Когда благородный напиток был выпит, командир почему-то не почувствовал полного удовлетворения. Его широкая русская душа требовала продолжения банкета. Недолго думая, он попросил:

- Петрович! Сходи-ка на лодку, да принеси бутылочку «шильца».

На всех флотах неоглядного Советского Союза «шилом» назывался корабельный спирт. Николай Петрович сбегал на лодку, принес оттуда бутылку этого популярного флотского напитка, и задушевная беседа с командиром продолжилась до раннего утра. Ублажив начальника, отпускник Касапов ушел в свою каюту, где лег на койку  и заснул сном праведника.
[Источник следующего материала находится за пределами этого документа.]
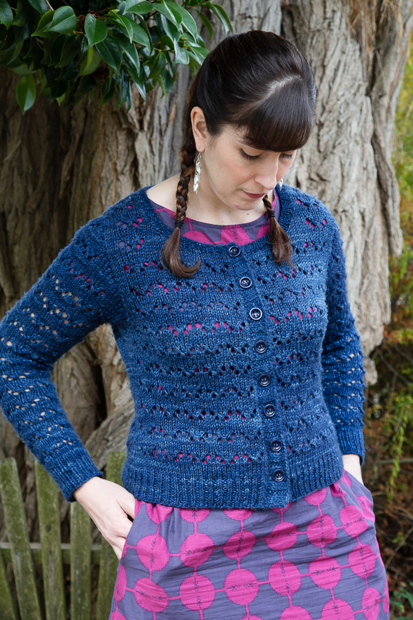 The pattern is the Hetty Cardigan by Andi Satterlund. The lace pattern is similar to the lace on the border of the Miette Cardigan, but shaped a little differently and repeated throughout the sweater, so my Miette was good practice for it.
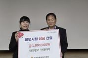 미디어라이프 중부신문 이도경 기자 | 연천군 전곡읍에 소재한 태성광고 인테리어는 지난 11일 지역사회 어려운 이웃을 돕기 위한 성금 100만원을 경기 사회복지공동모금회를 통해 전곡읍지역사회보장협의체에 기탁했다. 이상훈 대표는 전곡읍지역사회보장협의체 민간위원장으로 활동하면서 지역의 사회보장 증진과 현장밀착형 사회복지 서비스 제공을 위해 다양한 사업을 추진하는 등 꾸준한 나눔과 기부를 통해 지역사회에 귀감이 되고 있다. 오릴리 전곡읍장은 “어려운 여건 속에서도 지속적인 기부와 봉사, 지역사회 나눔 실천을 위해 앞장서고 계시는 이상훈 위원장님께 감사드린다”며 “앞으로도 민관이 협력해 찾아가는 맞춤형 복지서비스 지원을 위해 최선을 다하겠다”고 밝혔다. 기탁된 성금은 사회복지공동모금회 전곡읍지역사회보장협의체 지정기탁금으로 적립돼 복지사각지대 가구 등 우리 주변의 어려운 이웃을 돕기 위한 협의체 특화사업에 소중하게 사용될 예정이다.
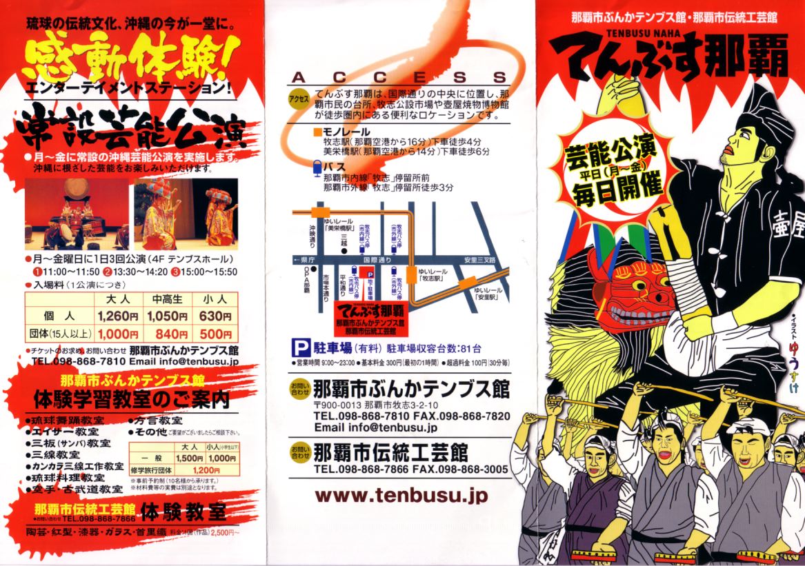 最初に行ったのは、国際通りに新しくできた「てんぶす那覇」 ★ ★ という施設で、ここの4階ホールで常設芸能公演として毎日3回行われているものの、 11時からの部を観ることにしました。この日は 大太陽 というところの公演です。
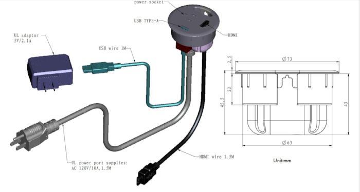 Our 64 mm (2 1/2”) diameter, black grommet features a built-in power socket and a port and cable for USB and HDMI.
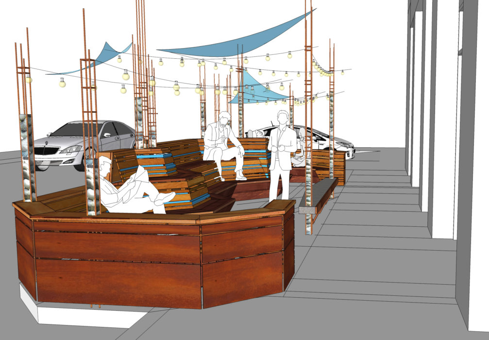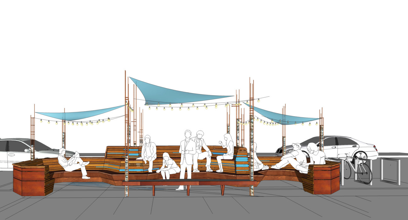 This parklet was designed as a compliment to the new co-work space, The Office, directly adjacent to it. Intended as a general gathering space and not an extension of a cafe or restaurant, the parklet focuses on providing an outdoor casual work environment and setting the stage for conversation, reading and people watching.
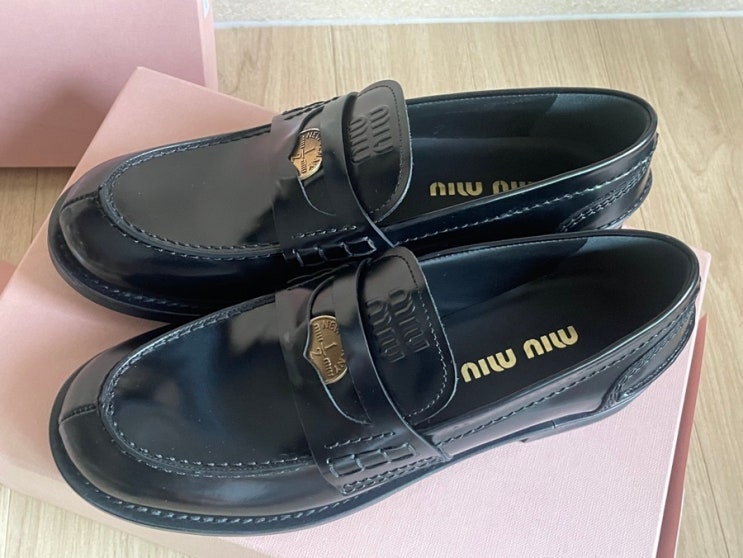미우미우 브러쉬드 가죽 페니로퍼 명품 블랙 여성로퍼 추천

А утром его разбудил командир, который сурово отчитал его за то, что Петрович не вышел на подъем флага. Тщетны были старания механика хоть как-то защититься. Все его оправдания  по поводу пребывания в отпуске оказались неубедительными.

     И все же, командир Голубков, несмотря на кажущуюся суровость, был добрым и мягким человеком. Он плохо переносил наступательный порыв своих подчиненных и совершенно терялся, когда офицеры «шли на него в штыковую атаку и брали за горло». Он уступал требованиям своих подопечных, потому что понимал мотивацию их поступков, знал, что не от хорошей жизни человек идет на конфликт. Свои поражения командир переносил мужественно, он никогда и ни на кого не жаловался командованию, которое его уважало и ценило. Забегая вперед, хочу сказать, что настоящим командиром Олег Викторович так и не стал. После окончания ремонта лодку, по решению командования флотом, законсервировали. Всю свою оставшуюся часть службы Голубков проведет на берегу. Некоторых командиров лодок консервации привлекали к участию в автономных походах перволинейных субмарин, где они исполняли роль вторых командиров. Но Олег Викторович не подходил для этой цели, ввиду недостаточности своего практического опыта. Он был обаятельным человеком, его все любили и уважали. Командование соединения бережно отнеслось к судьбе Голубкова, дав ему  возможность, спокойно, без лишних потрясений, дослужить свой срок и уйти на заслуженный отдых в ореоле всеобщего уважения и славы.

     Олег Викторович любил поговорить со мной на разные медицинские темы. Почерпнув какую-либо информацию в журнале или газете, он обращался ко мне с вопросом, требующим немедленного разрешения:

Товарищ доктор! (эта форма обращения Голубкова ко мне стала традиционной) Ответьте мне, пожалуйста, на вопрос. Почему у моряков-подводников возникают заболевания зубов?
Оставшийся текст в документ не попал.